Port Augusta West is the only part of Port Augusta that is located on the western side of Spencer Gulf on the Eyre Peninsula. It is about 2 km west of the centre of Port Augusta and about 280 km north of Adelaide city centre.

Port Augusta West consists of an urban area on the east coast of the Eyre Peninsula, immediately west of the centre of Port Augusta. It is dissected by the Augusta Highway, which branches in the middle of the suburb, to become the Stuart Highway which heads north, and the Eyre Highway which heads west. The Whyalla-Port Augusta railway line passes to the north and west of the suburb’s urban area.

The suburb is mainly residential on the eastern side of the suburb. The area between the Eyre Highway and the Stuart Highway on the west side of the suburb’s built area is zoned for industrial use. The Port Augusta Airport is located to the south end of the suburb and is separated from the residential area by open space and a “vegetation buffer”.

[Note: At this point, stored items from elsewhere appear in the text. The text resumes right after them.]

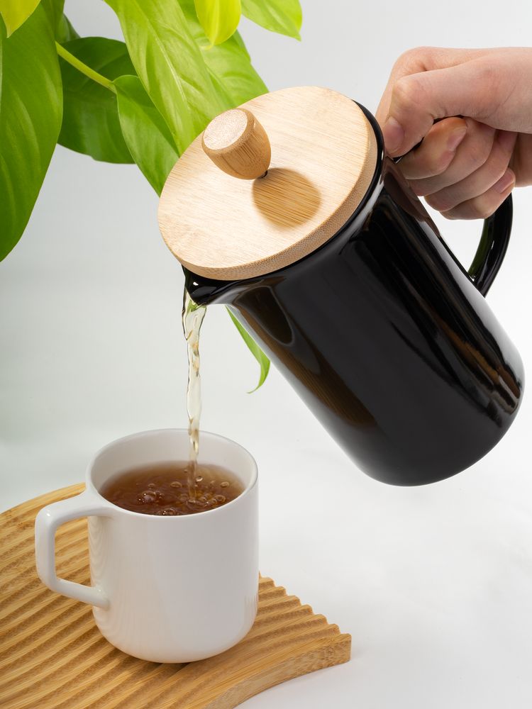 Элегантный керамический френч-пресс Mezzo в глянцевом черном исполнении — функциональный кухонный аксессуар и украшение любого пространства, от уютной домашней кухни до стильного офиса.Емкость 600 мл.
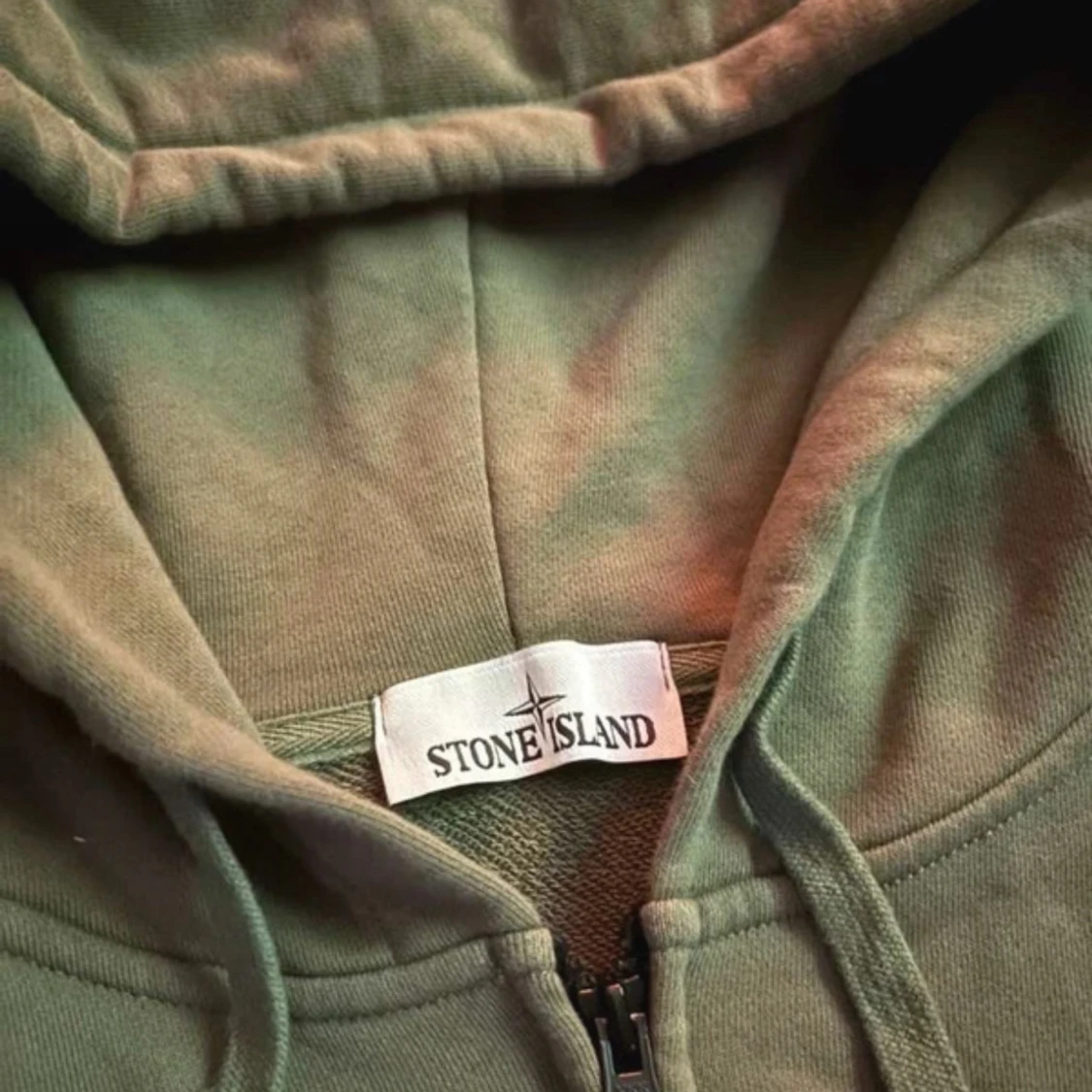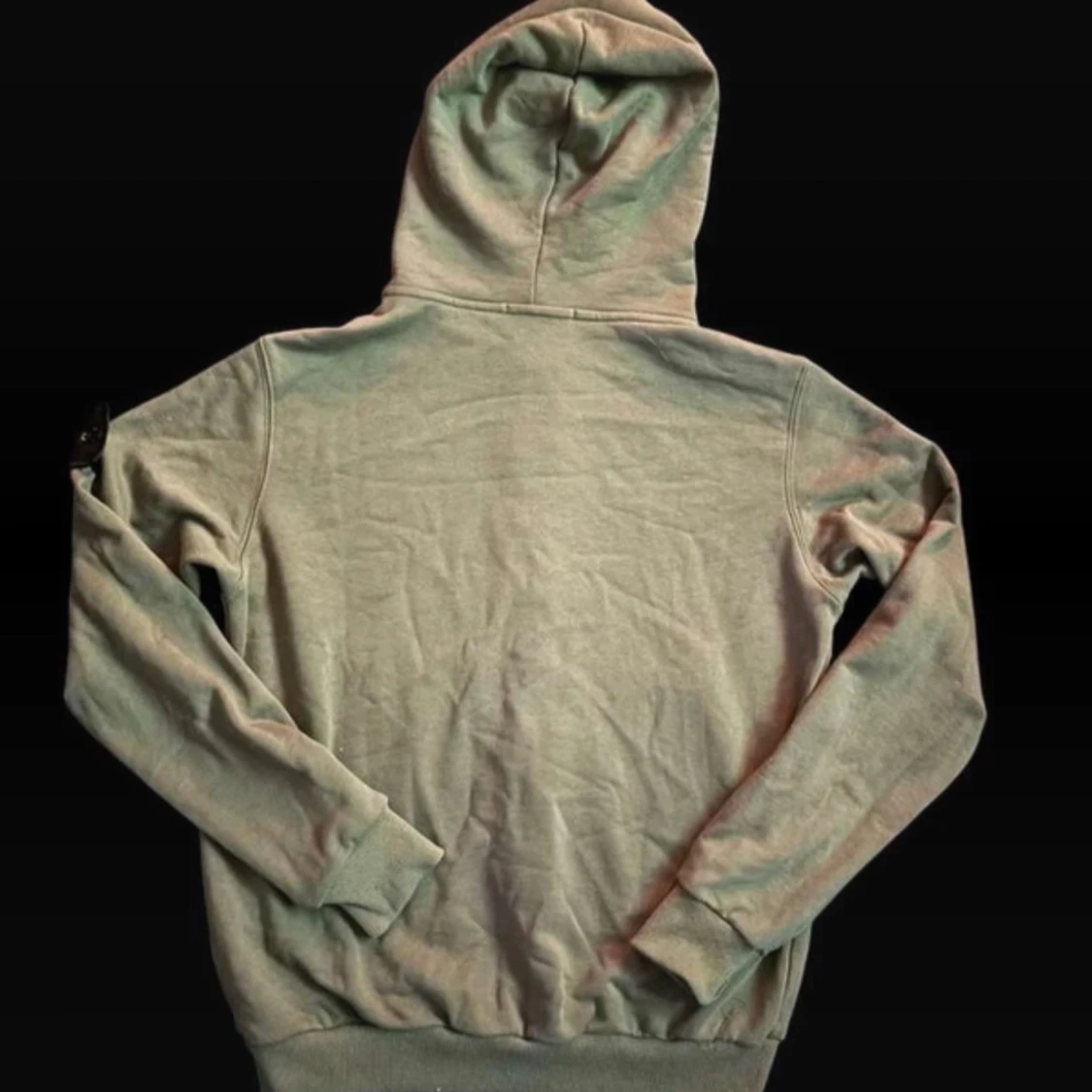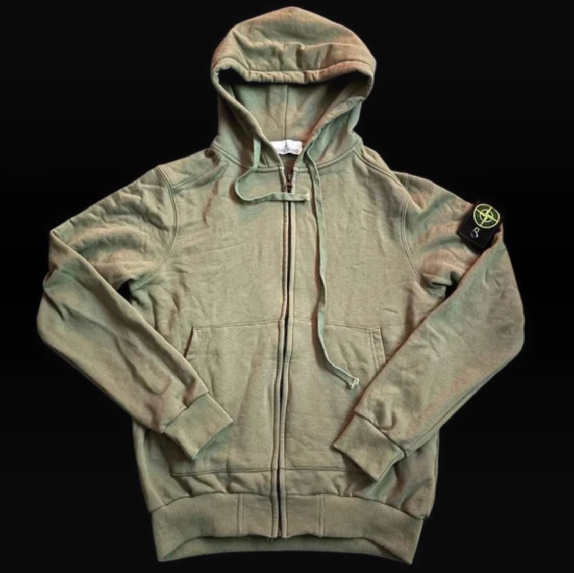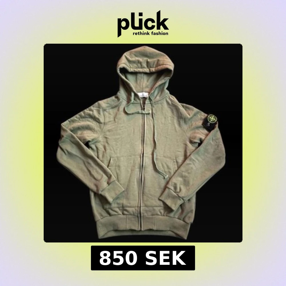 Säljer en grön hoodie från Stone Island med klassisk patch på vänster ärm. Tröjan har huva med snörning, dragkedja framtill och två fickor. Materialet är mjuk bomull och passformen är normal. Perfekt för chill dagar och streetwear-stil.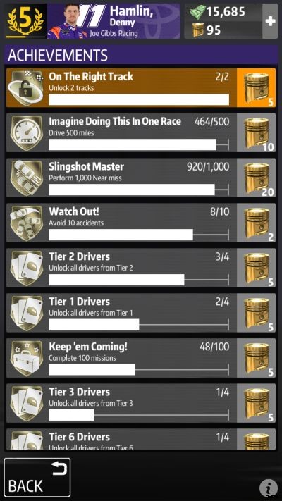これも少し隠されていますが、画面の右側の上部近くにあるトロフィー アイコンをクリックすると、実績にアクセスできるようになります。トラック、特定のマイル数の運転、特定のティアのすべてのドライバーのロック解除など。各アチーブメントを完了すると、特にゴールドを獲得できます。それほど多くはありませんが、NASCAR Rush でより多くのアチーブメントを完了すると、時間の経過とともに確実に加算されます。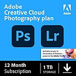 1-Year Adobe Creative Cloud Photography Plan 1TB (Digital Download, Mac, Windows, iOS) on sale for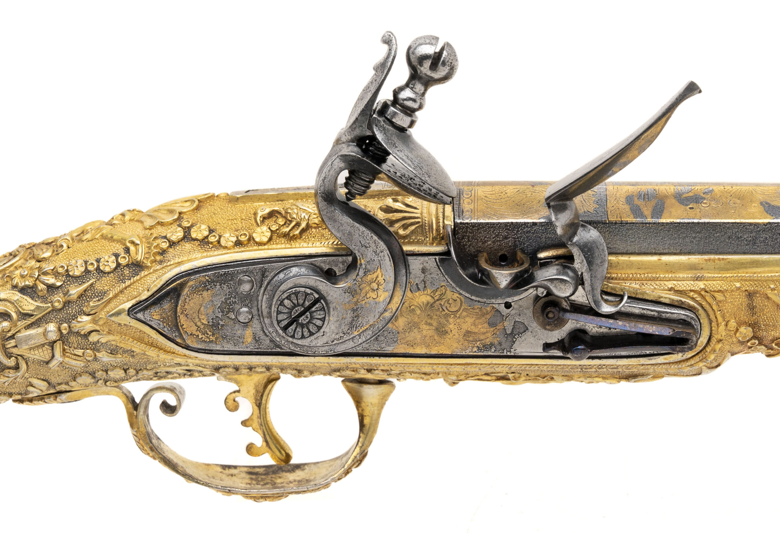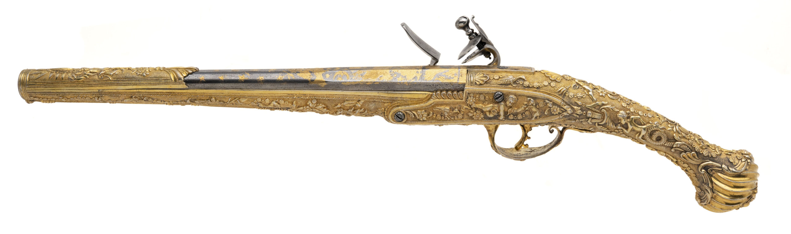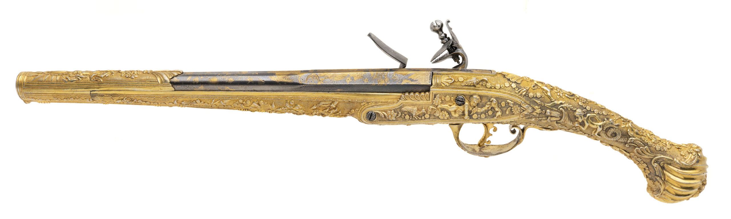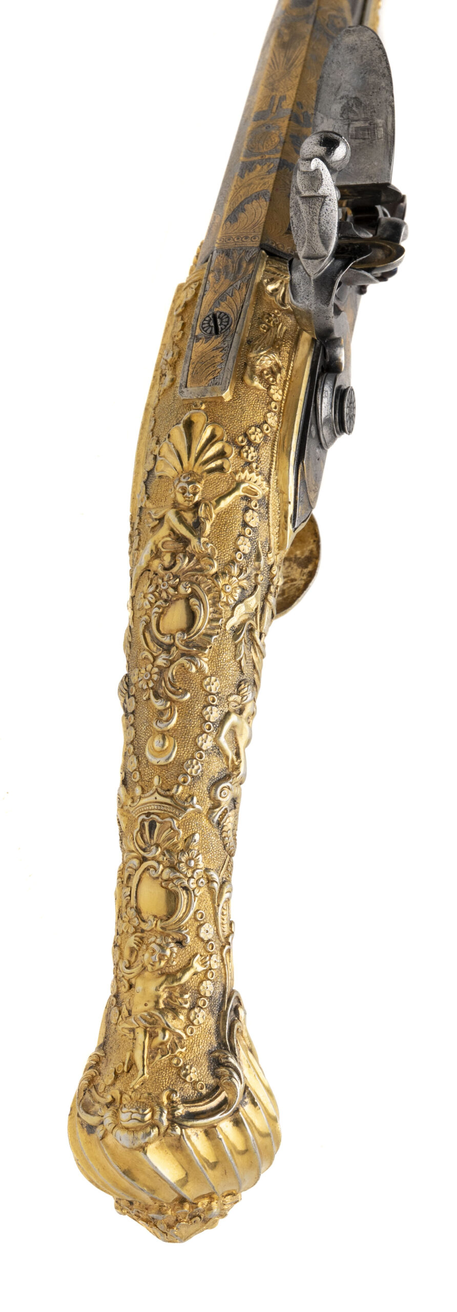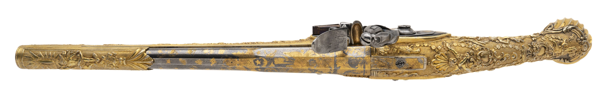 These are simply the finest Greek Pistols we have ever seen. These gun are made circa 1780-1800. The bores are 60 caliber with 12” barrels. The stocks are gold plated solid brass and in near Mint condition. Throughout the stocks are Greek gods like Poseiden and Hades as well as Cherubs. The barrels have been cleaned, but were done carefully as to preserve the gold inlay work. These are truly Museum Quality!
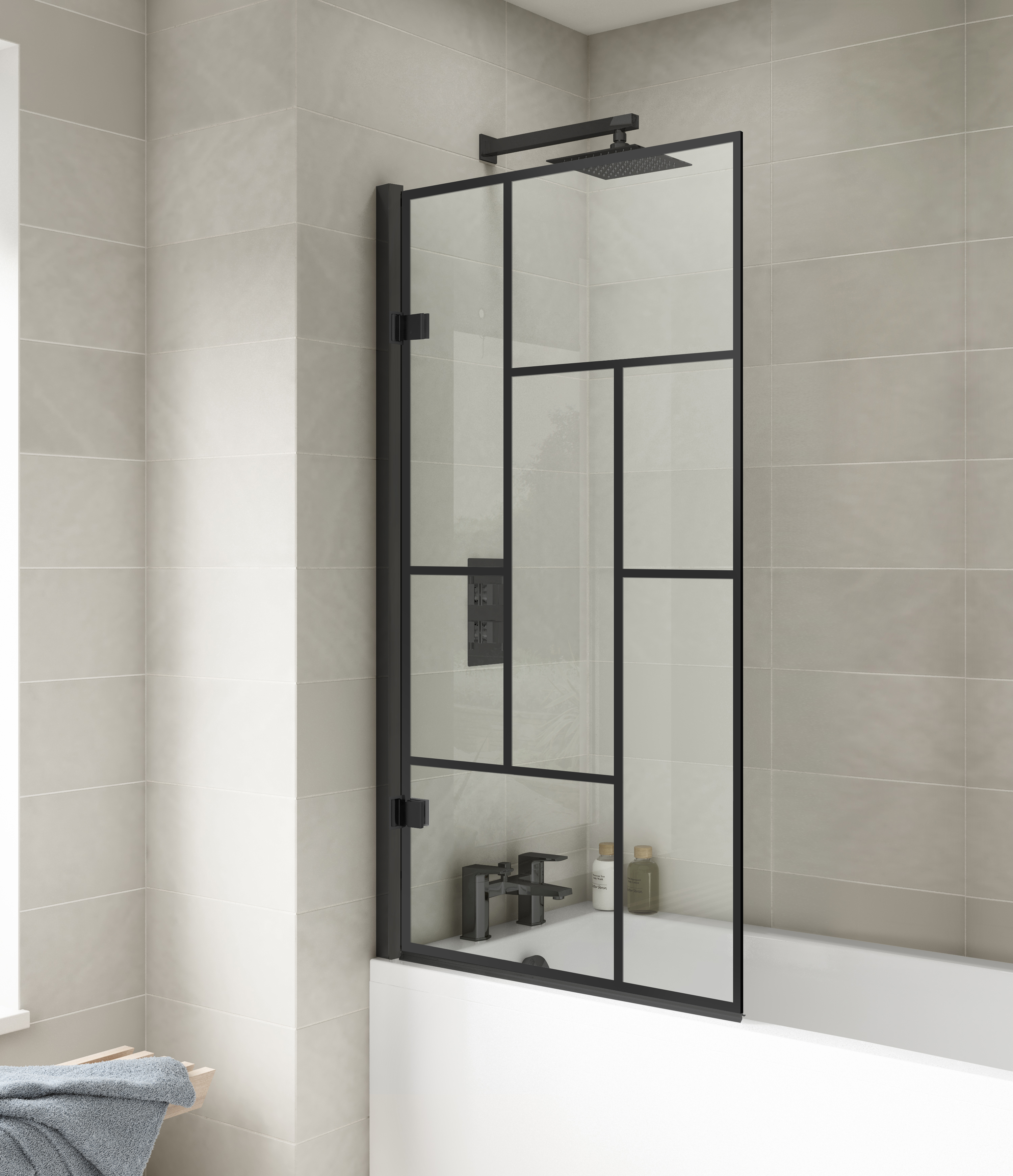Impressive black finish. Utilise space in your bathroom and create a showering space within your bath. Every bath screen is reversible in order to perfectly fit your needs. This screen is made of 8mm toughened safety glass. Suitable for use with square shower baths.

The suburb includes the Port Augusta Golf Club and Port Augusta West Primary School. The suburb also contains the Australian Arid Lands Botanic Garden, West Side Foreshore, Westside Lookout Tower, Rotary Park, Northey Crescent and Sid Welk Park.

The historic Port Augusta West Water Tower in Mitchell Terrace is listed on the South Australian Heritage Register.

==Governance==
Port Augusta West is located within the federal division of Grey, the state electoral district of Stuart, and the local government area of the City of Port Augusta. The suburb is also located within the South Australian Government region of the Far North.

==Climate==
Port Augusta West has a warm desert climate (Köppen climate classification BWk).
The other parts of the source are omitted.